**REQUIREMENT**
Leave out the pictures, and quote exactly the lines running from the one with "工作では魔法の杖作りもしました。リボンをハサミで切りテープで止めてます。" through the last line of the entries below.

**DATA EXTRACTS**
────

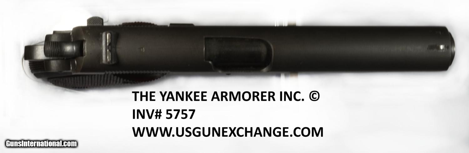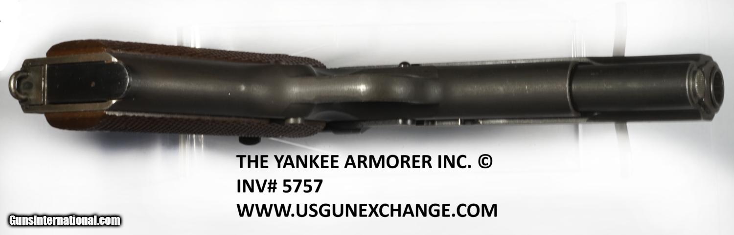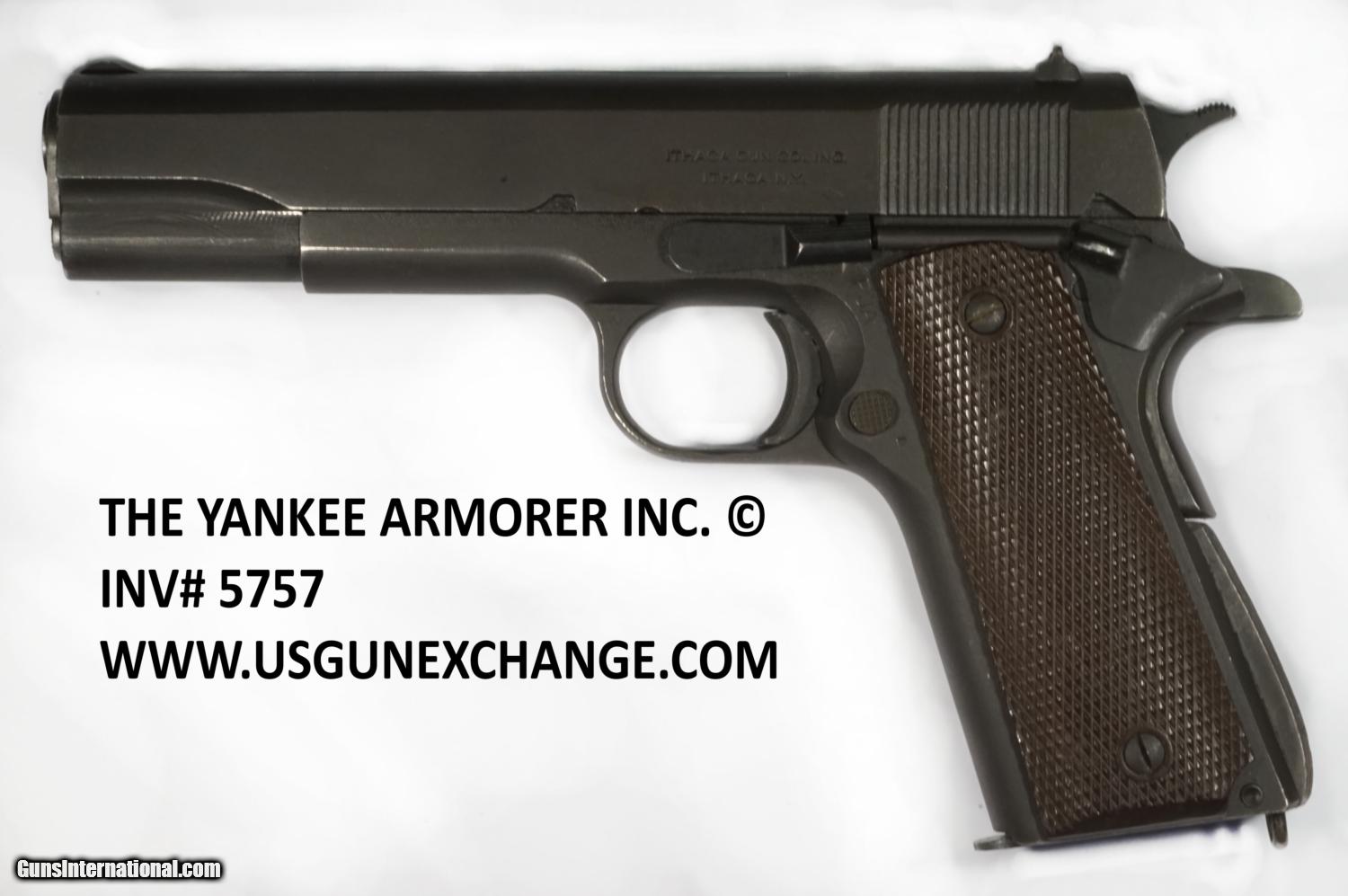 Description: Inv. 5757 Ithaca Mdl. 1911-A1 Cal. .45acp, Ser. 21095XX. It would be hard indeed to find a nicer Ithaca. A tiny rub mark on the front grip, a scant bit of edge silvering, a tiny scratch from the take down lever tale. That's it. All symptoms of some minor holster wear. The gun does not look like it has seen any use at all. The right rear of the frame has the Crossed Cannons Ordinance stamp. The top of the slide, the P proof and the left side JFA inspector's stamp and P proof. All parts match and are proper for the gun. The brown plastic grip panels are the correct ring series and are flawless. The bolt face and feed ramp shows almost no use. The Barrel is the correct High Standard type. The bore is impeccable with razor sharp, and mirror bright rifling. The gun comes with one correct "L" (M.S. Little) stamped magazine. What a center piece to a collection this is......$2295 To purchase this firearm or if you want to request more information contact us at: Email ckgunsymail Phone 201-512-0002 Cell 201-575-6838 FAX 201-215-4759 We accept most major credit cards. Prices shown are Discounted 3% for Cash or Check. The buyer must be familiar with all the laws governing the purchase and the ownership of firearms in their own city and state. The Yankee Armorer, Inc is not responsible for any failure to comply with or observe these laws. The Yankee Armorer, Inc will only ship after full payment and receipt of all required documents. Shipping: Add $35.00 for handguns, $45.00 for long guns. New Jersey buyers are subject to a 7% sales tax. The Yankee Armorer, Inc offers a 3 day inspection period with full refund upon return of intact firearm and in the original condition. The Yankee Armorer, Inc offers a no interest lay away program - 25% down; 25% in 30 days; 25% in 60 days; and full payment in 90 days. Any violation of this policy is subject to restocking and forfeiture of all payments. Any variation from this policy must be agreed to in advance. Unshipped Cancelled sales are subject to a 20% restocking fee. Be advised that all firearms sold by The Yankee Armorer, Inc. or the Gun Exchange, LLC (SELLER) are sold as collector’s items. They have not been fired or tested for safety and must be examined by a license gunsmith prior to use. By purchasing any item from the (SELLER), you are agreeing to hold the (SELLER) free from any damages or lawsuits of any nature. Any item left for transfer or storage will be charged to $25.00 per month, per item from the day of its receipt. Any variation from this policy must be agreed to in advance. Store hours 10:00 am to 5:00 pm Tuesday -Saturday. It's always best to call for appointment. Store 201-512-0002, cell 201-575-6838. SOLD Manufacturer: Ithaca Model: 1911-A1 Serial Number: 21095XX Caliber Info: .45 |
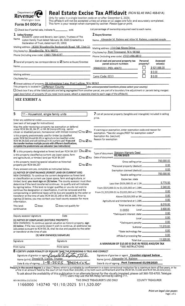 | Mailing Address: | 2456 SEAVIEW DR PORT TOWNSEND, WA 98368-1013 | % Ownership: | 100.0000000000% |
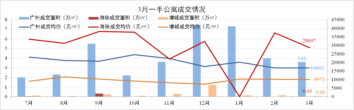 3月廣州一手公寓成交600套,成交面積3.61萬㎡,環比下跌0.3%。全市成交均價16,862元/㎡,環比上升2%。海珠、增城兩區成交量式微,價格保持穩定。
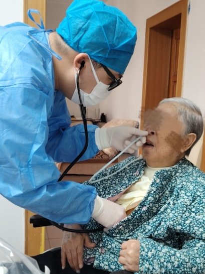 贵阳市第一人民医院重症医学科护士长上门为居家老人更换胃管
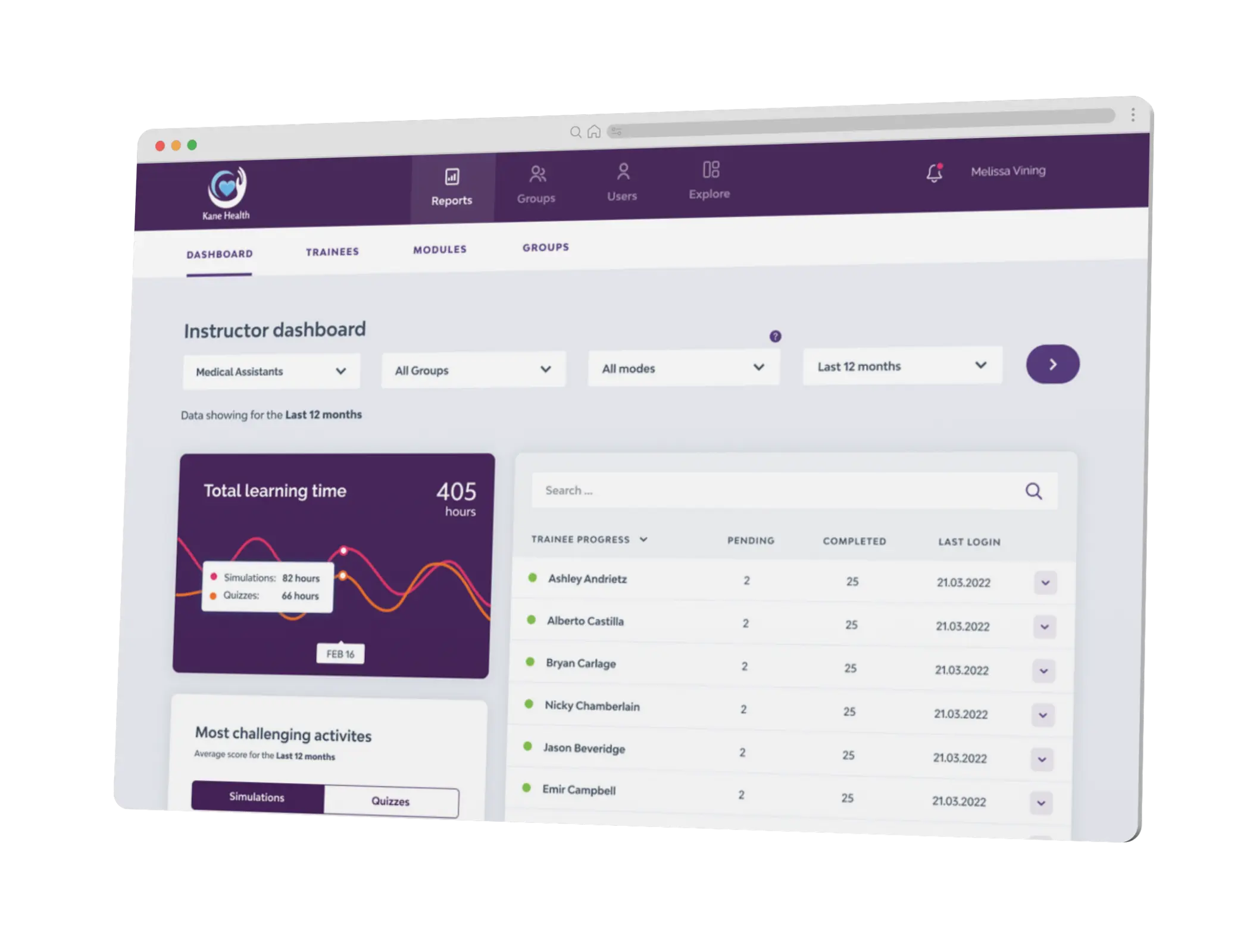 Get access to real-time feedback to support both individual and group-wide performance. The SIMTICS dashboard offers admins detailed reports on study time, quiz results, and simulation performance, so they can pinpoint where learners excel and where they may need additional support. With insights into the most challenging procedures and learner engagement trends, trainers can tailor their instruction to focus on the areas where they know additional support is needed.
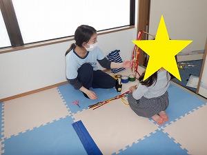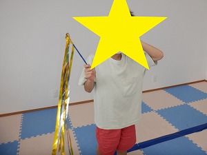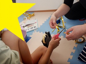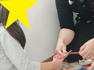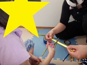 工作では魔法の杖作りもしました。リボンをハサミで切りテープで止めてます。
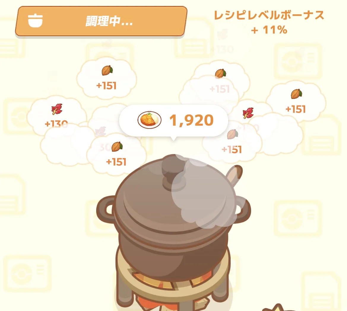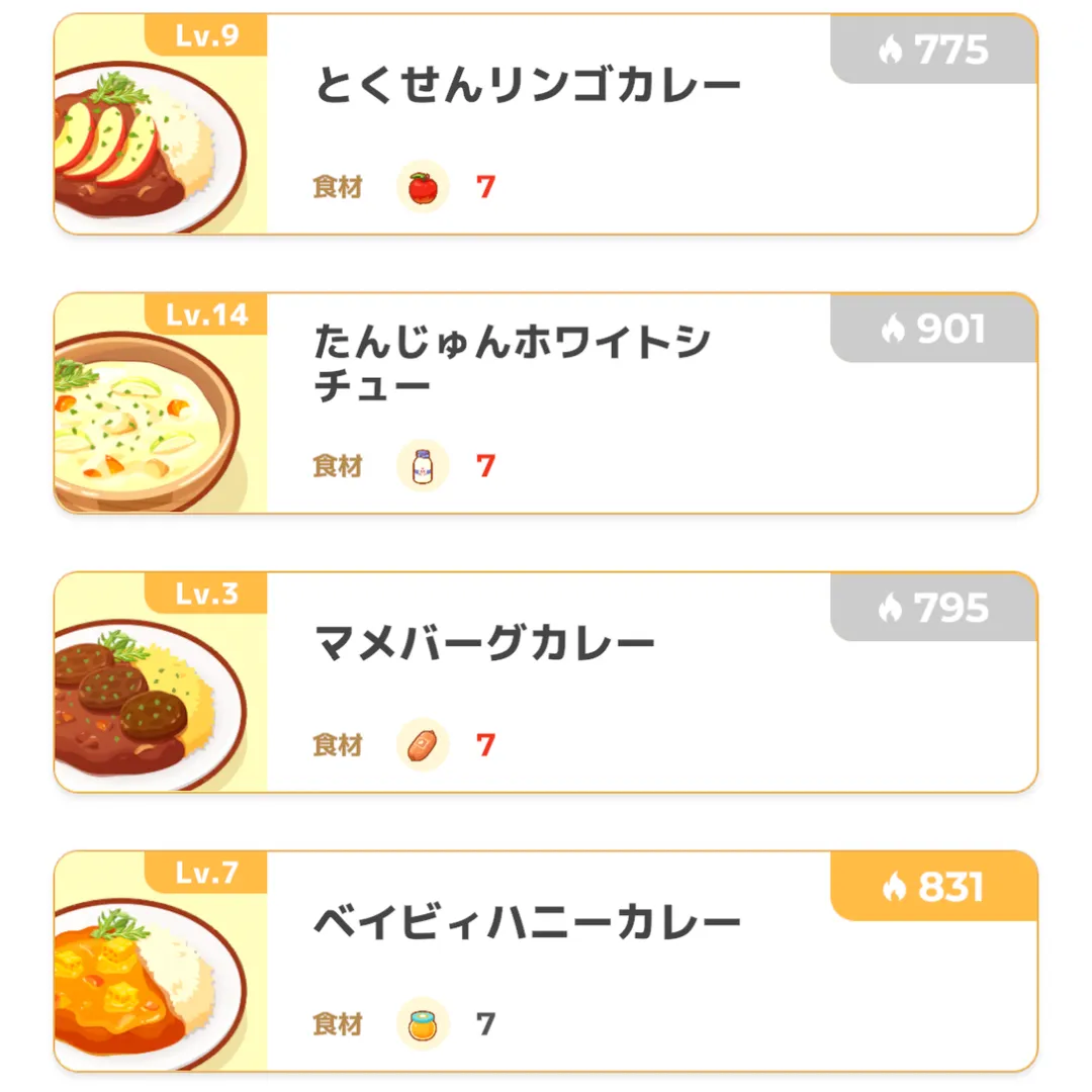 料理のレベルが上がると獲得できるエナジーの量も上がっていくので、毎回違う料理を作るよりも同じ料理を作り続けた方が効率的です。
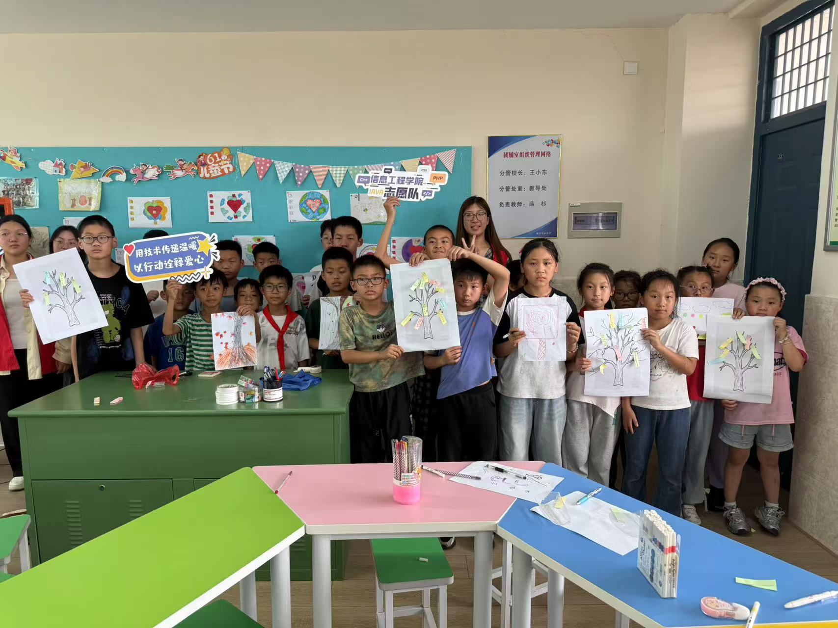 信息工程学院“沐光行者社”实践团队联合丹阳佳苑社会工作服务中心,在陵口镇未保站开展儿童支持系列实践活动。孩子们在“彩绘心流充电站”用画笔定格温暖,在“支持树”上写下心声;通过“故事拼图”“声音地图”等互动,学会倾听与协作。团队以“艺术+心理”模式践行担当,既为留守儿童织密情感支持网,也为大学生搭建实践平台,实现双向成长,用青春力量为童心护航,彰显校社协同的育人成效。

────

**EXPECTED ANSWER**
 工作では魔法の杖作りもしました。リボンをハサミで切りテープで止めてます。
 料理のレベルが上がると獲得できるエナジーの量も上がっていくので、毎回違う料理を作るよりも同じ料理を作り続けた方が効率的です。
 信息工程学院“沐光行者社”实践团队联合丹阳佳苑社会工作服务中心,在陵口镇未保站开展儿童支持系列实践活动。孩子们在“彩绘心流充电站”用画笔定格温暖,在“支持树”上写下心声;通过“故事拼图”“声音地图”等互动,学会倾听与协作。团队以“艺术+心理”模式践行担当,既为留守儿童织密情感支持网,也为大学生搭建实践平台,实现双向成长,用青春力量为童心护航,彰显校社协同的育人成效。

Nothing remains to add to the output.